Well, Phillip Johnson argues that it is. Darwinism is a device for grounding materialism in the culture such that any objection to it can be reflexively dismissed as "fundamentalist" or an "attack on science" conducted by "lawyers" or "Christians". And, he further argues, the trick is done with smoke and mirrors, the sort of dazzle that professors of law like Johnson are skilled in detecting and tracking. Oddly enough, scientists are not very good at this sort of thing (few of us are these days), and only a couple seem worried over all these rhetorical leaps across chasms of missing data to dogma. Darwinism, like Marxism and Freudian psychology, is arguably a failed attempt to account for ourselves *in spite* of what we know. This book is an eye-opener: if it hadn't been written especially for Christians, I'd like to see it everywhere a high school kid might pick it up. It's almost as important to keep children from worshipping false gods as it is to set them looking for the true.

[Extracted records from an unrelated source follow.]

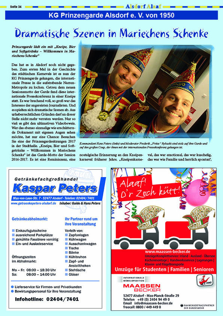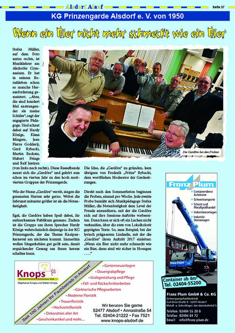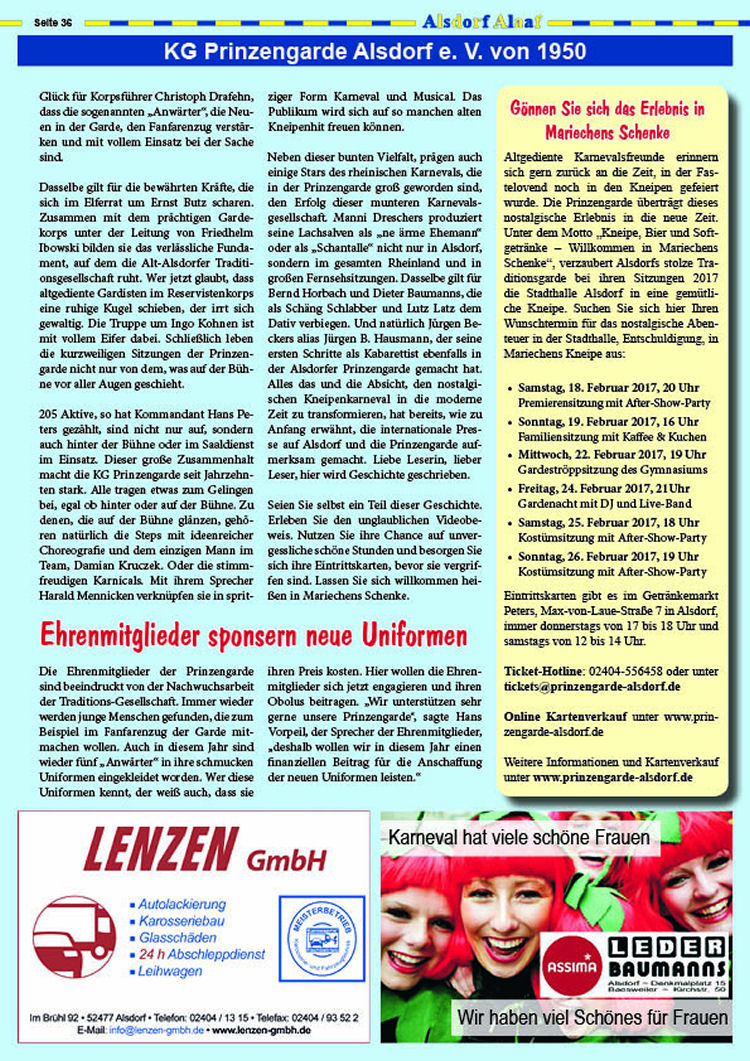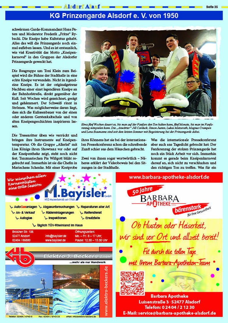 Beitrag in der Karnvealszeitung des Alsdorfer Festkomitees.
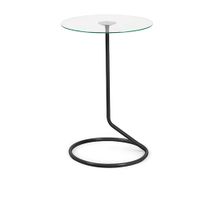 Ten stolik nie zajmie w salonie wiele miejsca! Oryginalny, umieszczony na jednej nóżce, która kończy się okrągłą podstawą i pozwala swobodnie wyciągnąć pod stolikiem nogi. Szklany blat wieńczy dzieło! Wersja w kolorze czarnym. Wysokość: 56 cm Szerokość: 38 cm Głębokość: 38 cm
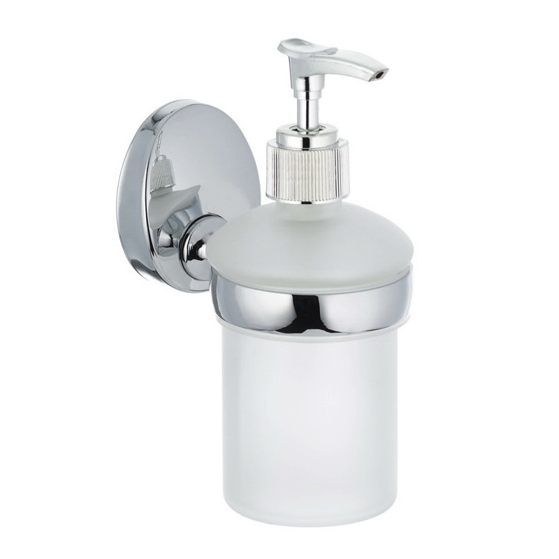 Стильний скляний диспенсер для рідкого мила наливного типу, виготовлений з міцного матового скла, в хромованій підставці, виконаний у вигляді колби з вакуумним нагнітачем, закріпленим на кронштейні. Кронштейн кріпиться на стіну, виконаний з хромованої латуні. Дозатор для рідкого мила практичний і компактний, зручний у використанні, легко миється. Один з необхідних предметів для будинку диспенсер для рідкого мила гармонійно впишеться в інтер'єр і не займе багато місця.

Johnson Can Only Envision a Selective Baloney Detector
There is so much wrong with this book I don't know where to begin. In the first chapter the author tries to make the reader believe that scientists cannot possibly have a poetic bone in their bodies (the Grand Canyon example). The point the author is missing is that perhaps scientists know when to put aside the fantasy and use some reality when explaining something. Also, the whole chapter on baloney detection is a disgrace. The author completely misrepresents Mr. Sagan's ideas on "baloney detection." Mr. Sagan, in "The Demon-Haunted World", stressed that we should use his "baloney detection kit" on everything, not just those ideas that we dislike. Mr. Johnson, however, hypocritically asserts that Mr. Sagan would not use the kit on the theory of evolution and yet the author (perhaps fearing the outcome) definitely didn't turn the kit on his own (religious) theory. Furthermore, in an amazing display of ignoring the obvious the author mentions the Archaeopteryx and Ambulocetus fossils and instead of giving an explanation for their existence he instead uses the illogical argument that "few fossils=no evolution." Either the author doesn't understand the fossil record (fossils are not easily made in nature, and there will be more fossils found as time goes on), or he simply wants to misinform his audience. There is so much more wrong with this book but I'll end my critique with pointing out that the author doesn't seem to understand that science must look for "natural" explanations to phenomena. Just to say "God did it" would mean that no further investigation would be necessary. And that would be the end of science.